The crypto markets are on the verge of a seismic shift—not driven by elections, but by the massive liquidity injections expected from central banks worldwide. According to Arthur Hayes, former CEO of BitMEX and a seasoned macro investor, the next bull cycle is already being primed by global monetary policy shifts. While political headlines dominate the news, Hayes urges investors to look beyond the noise and focus on what truly moves markets: liquidity.
In a recent appearance on the Unchained podcast, Hayes laid out a compelling investment thesis centered around monetary expansion, macroeconomic trends, and strategic asset allocation. Here’s a deep dive into his insights—refined for clarity, optimized for SEO, and structured for maximum reader engagement.

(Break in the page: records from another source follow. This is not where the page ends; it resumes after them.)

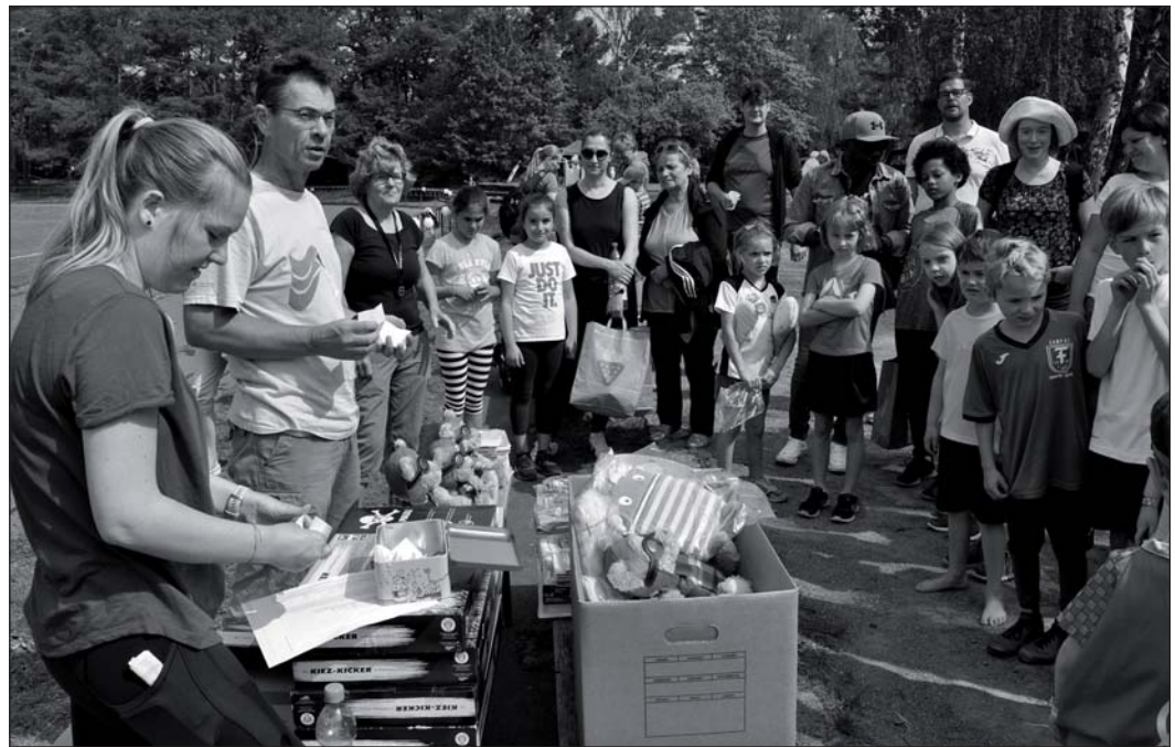
Während die Großen auf der Strecke sind, gerät die Kinder-Tombola zum Höhepunkt des Tages.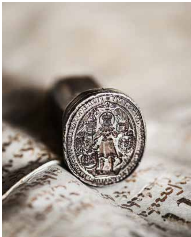
Die Universität feiert in diesem Jahr ihr 350-Jahr-Jubiläum.

Im Jahr 2019 feiert die Universität Innsbruck ihr 350-jähriges Jubiläum. Das Programm ist bunt, auch das Ferdinandeum leistet einen wichtigen Beitrag.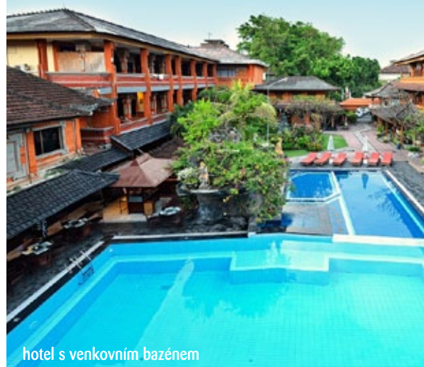
hotel s venkovním bazénem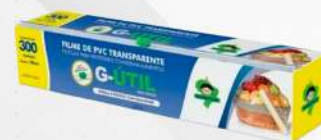
FILME PVC 38X300MT TRILHO UN GUARUFILME COD: 7602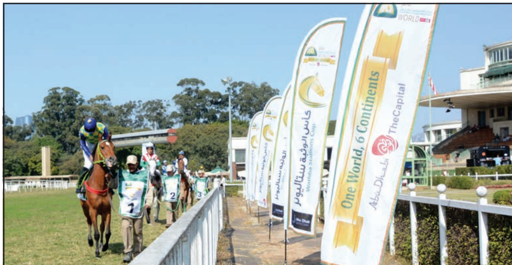
Cavalos entrando na raia paulista

“Sem dúvida hoje (sábado) é um dia histórico para os cavalos árabes de corrida no Brasil. Nesses quatro anos e meio, conseguimos fazer um festival de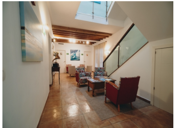
Eingang und Empfangsbereich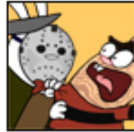
Freddy vs. Jason

Election Volatility Is Just Market Noise
Hayes dismisses the idea that election outcomes will fundamentally alter financial markets. Whether it's Trump, Harris, or any other candidate, he argues that the underlying policy remains unchanged: flood the economy with cheap money. Since the Reagan era, U.S. economic strategy has revolved around debt-fueled growth and monetary stimulus. Elections, in this view, are less about ideology and more about who controls the flow of capital.

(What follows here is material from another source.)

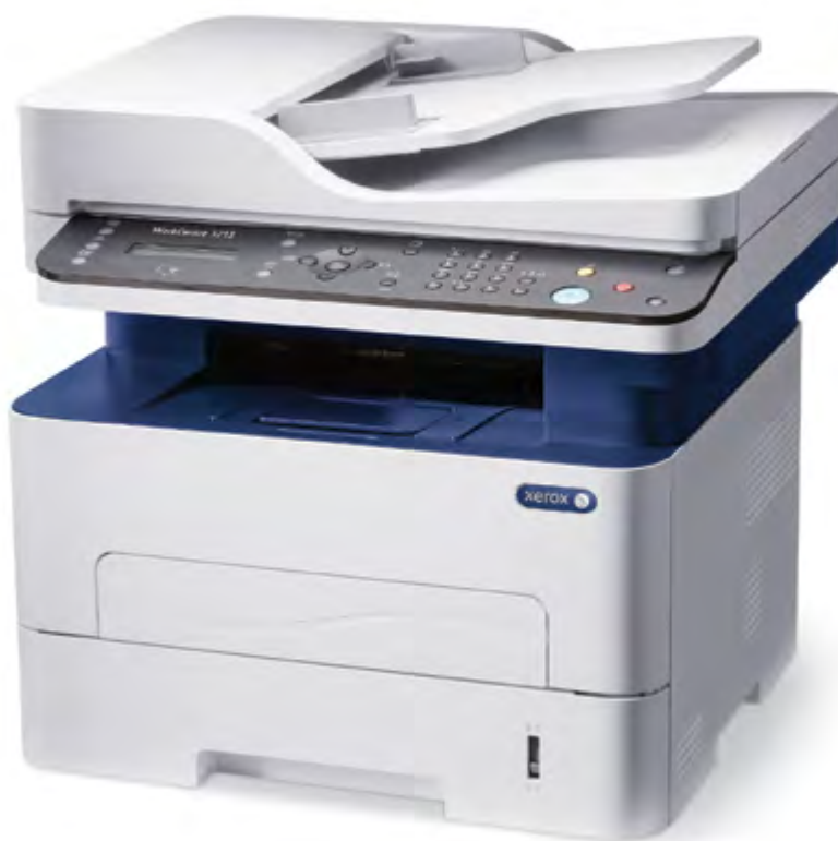
WorkCentre 3215. Copiere. Imprimare. Scanare. Fax. E-mail.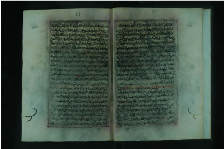
صورة الورقة الثانية من النسخة الثانية

"It’s not about who wins—it’s about who gets to spend next."
That said, Hayes acknowledges one real risk: a contested election. If results are disputed, short-term market chaos could follow as legal battles and public unrest shake investor confidence. However, he sees this as a temporary disruption—not a long-term threat to crypto adoption or value.
For investors, the takeaway is clear: don’t overreact to political headlines. The macroeconomic engine driving asset prices is far more powerful than any single election.
👉 Discover how global liquidity trends can boost your digital asset strategy
Bitcoin Over Altcoins: The Liquidity Advantage
When it comes to portfolio construction, Hayes makes a strong case for Bitcoin as the cornerstone asset—especially during times of uncertainty.
While altcoins may offer explosive returns in bullish markets, they come with significantly lower liquidity and higher risk. In a crisis or sudden market downturn, selling smaller-cap tokens can mean slippage, delays, and steep losses.
Bitcoin, on the other hand, offers:
- Deep market liquidity
- Global recognition
- Proven resilience during macro shocks
Hayes advises holding Bitcoin as a primary position and only rotating into altcoins after BTC shows sustained strength. This approach allows investors to ride the initial wave of institutional capital while preserving the ability to exit quickly if conditions change.
He also highlights that altcoin seasons typically follow Bitcoin dominance, not precede it. So patience pays.
China’s Looming Stimulus Could Ignite Crypto Markets
One of the most underreported catalysts in 2025? China’s inevitable shift toward monetary easing.
Hayes points out that China’s economy has long been fueled by real estate credit expansion. Now, as that bubble deflates, the People’s Bank of China (PBoC) will likely respond with aggressive liquidity measures—similar to the U.S. Federal Reserve’s actions after 2008.
This flood of yuan into the system could have global ripple effects:
- Increased inflation pressure
- Capital flight into hard assets
- Higher demand for decentralized stores of value like Bitcoin
Even if China doesn’t directly buy crypto, the debasement of fiat currencies encourages investors worldwide to seek alternatives. And when combined with potential U.S. monetary easing, the result could be a perfect storm for crypto adoption.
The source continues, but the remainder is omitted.